BUJAU is not the first ever Malaysia-based SPAC in the market. Prior to BUJAU, there were others Malaysian-based SPACs listed on Nasdaq, such as Fellazo Inc. (“Fellazo”) (NASDAQ: FLLCU), which conducted its IPO in July 2019. However, Fellazo was unable to secure a qualified business combination or asset injection within the designated timeframe and was subsequently delisted.

Additionally, Kairous Acquisition Corp. Ltd. (“Kairous”) (NASDAQ: KACLU) is listed in December 2021 and has recently announced a one-month extension for the completion of a business combination from July 16, 2023, to August 16, 2023. The purpose of the extension is to provide time for Kairous to complete a business combination.

What is SPAC?

A Special Purpose Acquisition Company (SPAC) is a type of company that is created with the sole purpose of raising funds through an initial public offering (IPO) with the intention of merging with or acquiring one or more existing businesses or assets. SPACs are often referred to as “shell” companies because they have no specific business plan or operations at the time of their IPO. Once the SPAC has raised enough funds, it will begin the process of identifying and acquiring suitable targets, which is known as the “De-SPAC” process.

Benefits of Merging with SPAC

1. Shoter Public Listing Timeline

The SPAC merger process is typically faster than the traditional IPO process. The SPAC is already a publicly listed company, so the target company can become a public company through a merger with the SPAC in a matter of months, rather than years or more than an IPO process typically takes.

2. Lower Listing Costs

The cost of going public through a SPAC merger is lower than the cost of an IPO. In IPO, the company must pay underwriting fees to investment banks and other expenses associated with the offering. In contrast, the SPAC sponsor typically paid all the listing cost including SEC Counsel fee, leaving more capital for the target company.

3. Reduced Regulatory Scrutiny

The regulatory requirements associated with an IPO can be extensive and time-consuming. A company going public through a SPAC merger may face less regulatory scrutiny, as the SPAC is already a public company that has gone through the IPO process.
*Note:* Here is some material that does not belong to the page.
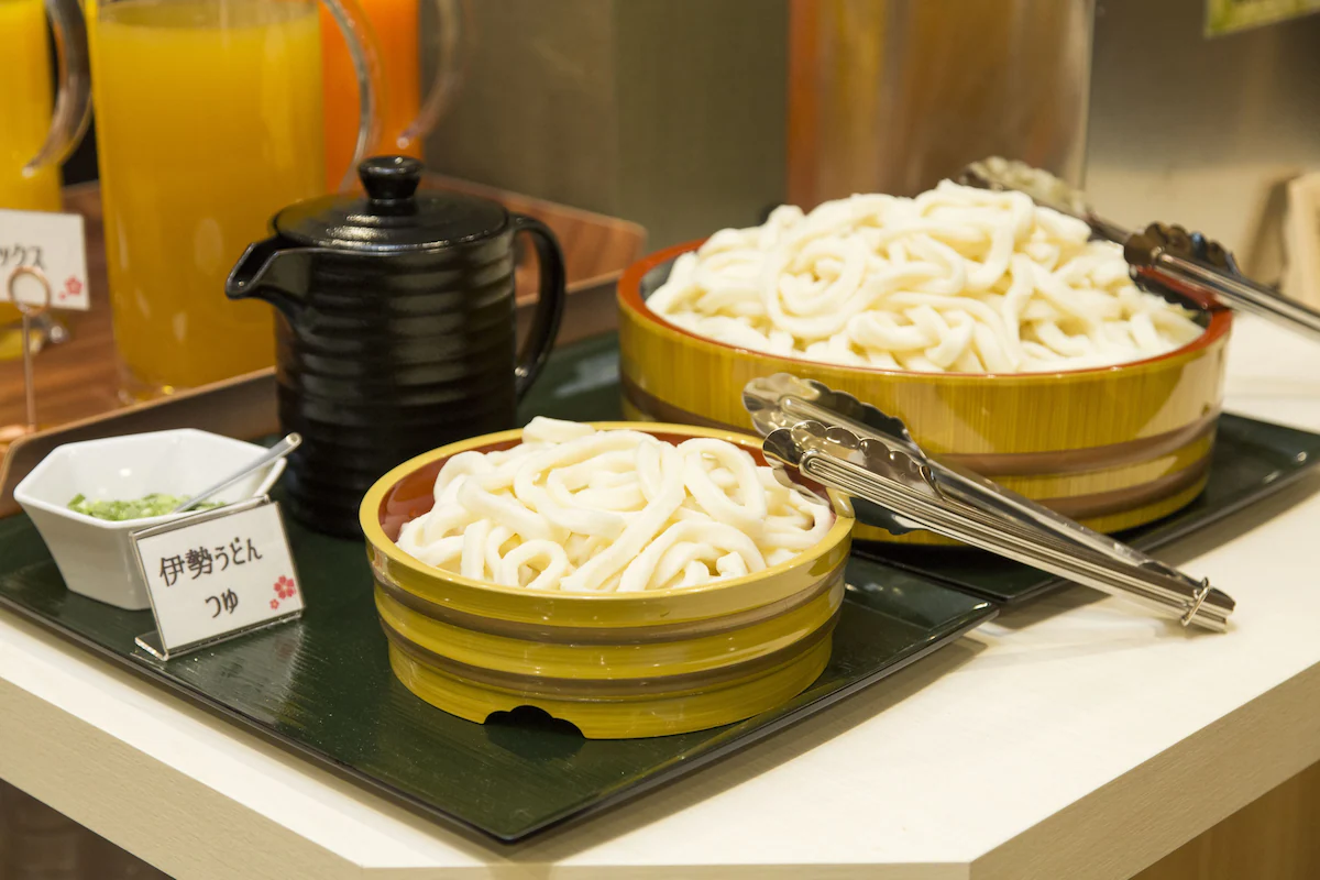 一日の活力となる朝食は、館内の朝食会場「S-cafe」で和洋ビュッフェスタイルで提供されます。定番のメニューに加え、絶対に食べておきたいのが「伊勢うどん」などのご当地メニュー。ふわふわと柔らかい極太麺に、真っ黒で濃厚なタレを絡めて食べる伊勢うどんは、消化も良く朝のお腹に優しい一品です。

4. Greater Valuation and Fundings Certainty

A SPAC merger offers companies more certainty in terms of valuation and funding compared to a traditional IPO. By merging with a SPAC, the company can negotiate terms and ensure a certain amount of funding from the SPAC’s existing pool of capital. This can provide greater financial stability for the company, whereas a traditional IPO can be more unpredictable in terms of the amount of funding raised.

5. Access to Experienced Investors

The investors who back the SPAC are often experienced and well-connected in the financial industry. This can provide the target company with access to valuable contacts, advice, and resources.

Difficulties in Merging with SPAC

1. Lack of Suitable SPAC

There may be a limited pool of suitable SPACs available for merger, particularly if the target company has specific industry or geographic requirements. This can make it difficult for the target company to identify a suitable partner that aligns with their strategic goals.

2. Competition for SPAC

The increasing popularity of SPAC mergers has led to a competitive market for SPACs, with many target companies lying for the attention of a limited number of potential partners. This can make it difficult for the target company to stand out and secure a merger partner that is a good fit.

3. Mismatch in Valuations

The target company may have difficulty finding a public shell company that values the company appropriately. If the target company’s valuation is too high or too low compared to the SPAC’s expectations, the merger may not be feasible or may require significant negotiation to reach agreement on the terms.

4. Shareholder Disagreement

When merging with a SPAC, shareholder disagreement and the risk of money withdrawal are potential challenges for the target company. Shareholders may vote against the proposed merger, which can lead to the redemption of shares for cash and a reduction of available capital.